What can one say about Breakfast at Tiffany’s, Truman Capote’s miniature opus? The novella, despite its slender spine, has an awesome weight to it, carrying the great mass of reverence that has been heaped upon it since its first publication in 1958. And while the film adaptation does tend to soak up the bulk of this acclaim the judgement of time is still clear: here lies one of America’s finest novel(la)s. So, what’s the deal?
Breakfast at Tiffany’s is the tale — told through the first-person eyes of mononymous narrator Fred — of Holly Golightly, a young, beautiful and enchanting girl-about-Manhattan. Holly begins the story on the peripheries of Fred’s vision, only being glimpsed in passing as she sashays up and down the streets, hanging off the arms of a rotating roster of men. Fred’s observations, coupled with the rumours surrounding her off-kilter lifestyle, foster a growing fascination within Fred.

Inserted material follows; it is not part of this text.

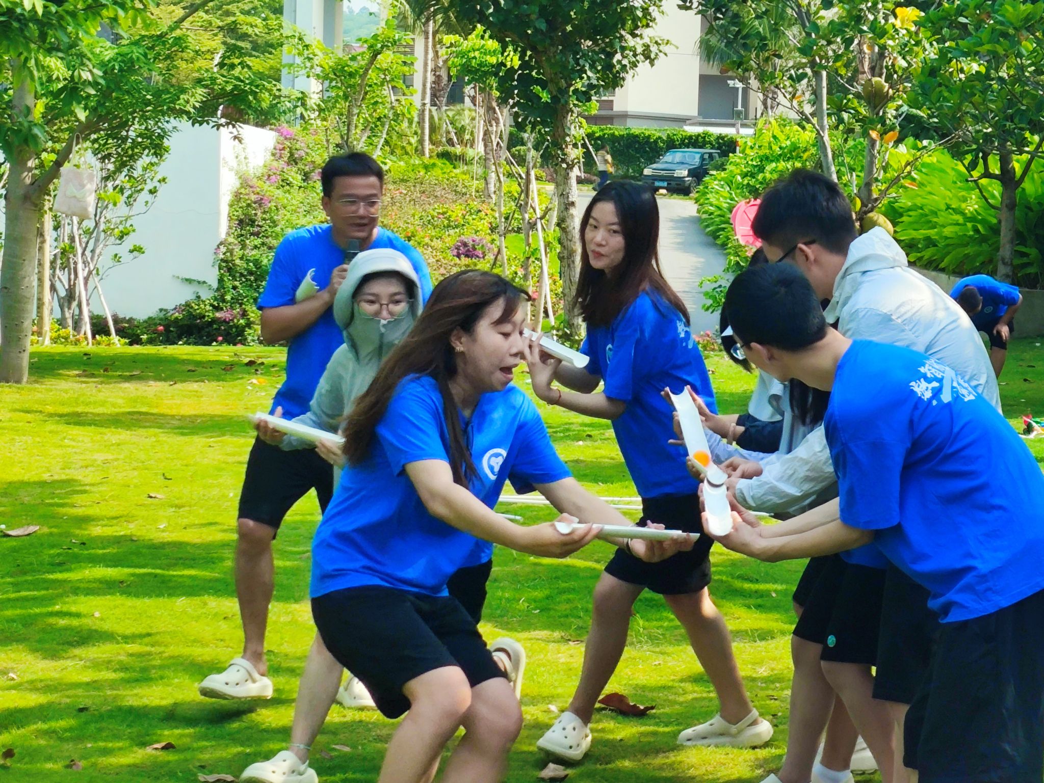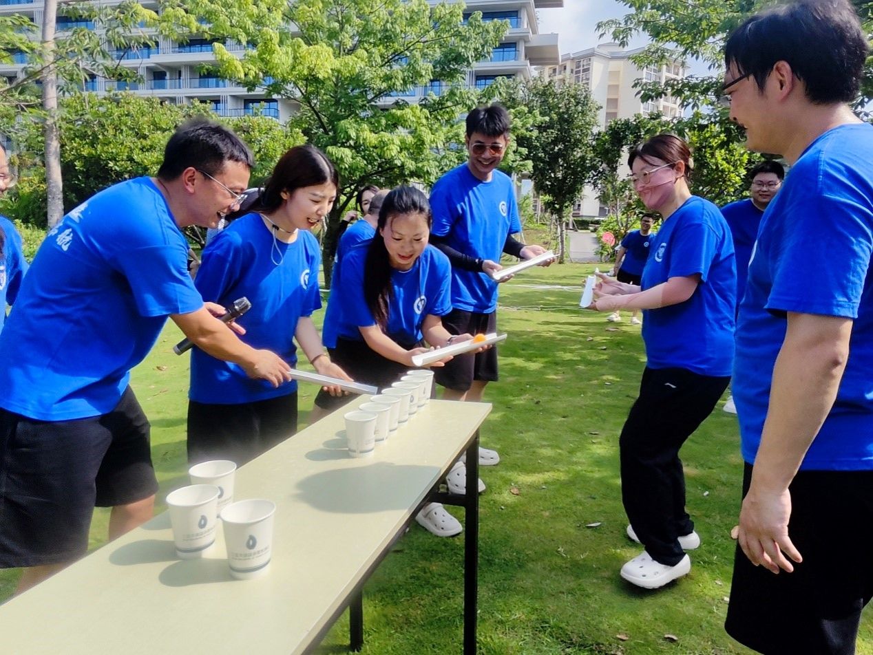 在“纸杯传递水(龙珠戏水)”环节,大家通过传递装满水的纸杯,将水从起点传递到终点。这个项目不仅锻炼了大家的协调能力,还考验了每个成员的耐心和细致。

The two eventually meet proper thanks to an impromptu home invasion by Holly, in which she delivers the first of many babbling monologues detailing her thoughts on just about everything, though she cools rapidly at the first question related to her past. Fred is charmed by her semi-upfront nature and the pair quickly become friends in earnest, which in turn exposes Fred to the myriad men with which Holly keeps company. It is through his conversations with Holly and the people she has ensnared that Fred begins to unravel the mystery of the wild girl from nowhere.
This mystery is novella’s core concern. In the early stages Holly comes off as something ephemeral, something that is less human and more enchanting ideal, which is only heightened by the precious few hints of her past that crop up so infrequently. She floats outside the constraints of the society in which she lives, emphasised by the finesse with which she wins the hearts of men from every rung of the social ladder. But as Fred chips away at the pretence the mythology of Holly evaporates and we are left with a picture of true humanity.
Humanity is the key word here. In Breakfast at Tiffany’s, Truman Capote demonstrates an extraordinary eye for the colourful details that can make us so drawn to other people. This eye is not just limited to Holly, but to the entire cast, who come alive with voices so lively you’d swear they were in the room talking to you, yet delicate enough that they never veer into the realm of caricature. Breakfast at Tiffany’s is a wonderfully executed character study written with elegant brevity and sharp wit. I loved every clause of every sentence of every page. And I am already looking forward to reading it again.
Unfortunately, despite the critical acclaim, I cannot say Breakfast at Tiffany’s the film stands quite as tall as its source material. The film cuts out large chunks of the narrative in favour of its own additions, which do not give off the same sense of charm and insight as the novel does. The casting, as well, misses the mark. Audrey Hepburn, while stunning, just is not Holly: she doesn’t sound, move or even look much holly.
Furthermore, the decision to turn the story into a rom-com means that the narrator is removed almost entirely, being replaced by a character who bears little to no resemblance to the man he once was, and is played by a man who never could be. Honourable mention does go to Martin Balsam for his lively and colourful portrayal of O.J Berman. Dishonourable mention goes to Mickey Rooney’s stunningly racist portrayal of Mr. Yunioshi; whether the racism offends you or not, his goofball antics here really didn’t fit the film and it’s just a failure on all fronts.
Overall I think the film would have done far better had it not pretended to be in the spirit of the novel and simply existed as its own separate feature. I will say this in its defence, however: Moon river is an exceptional song.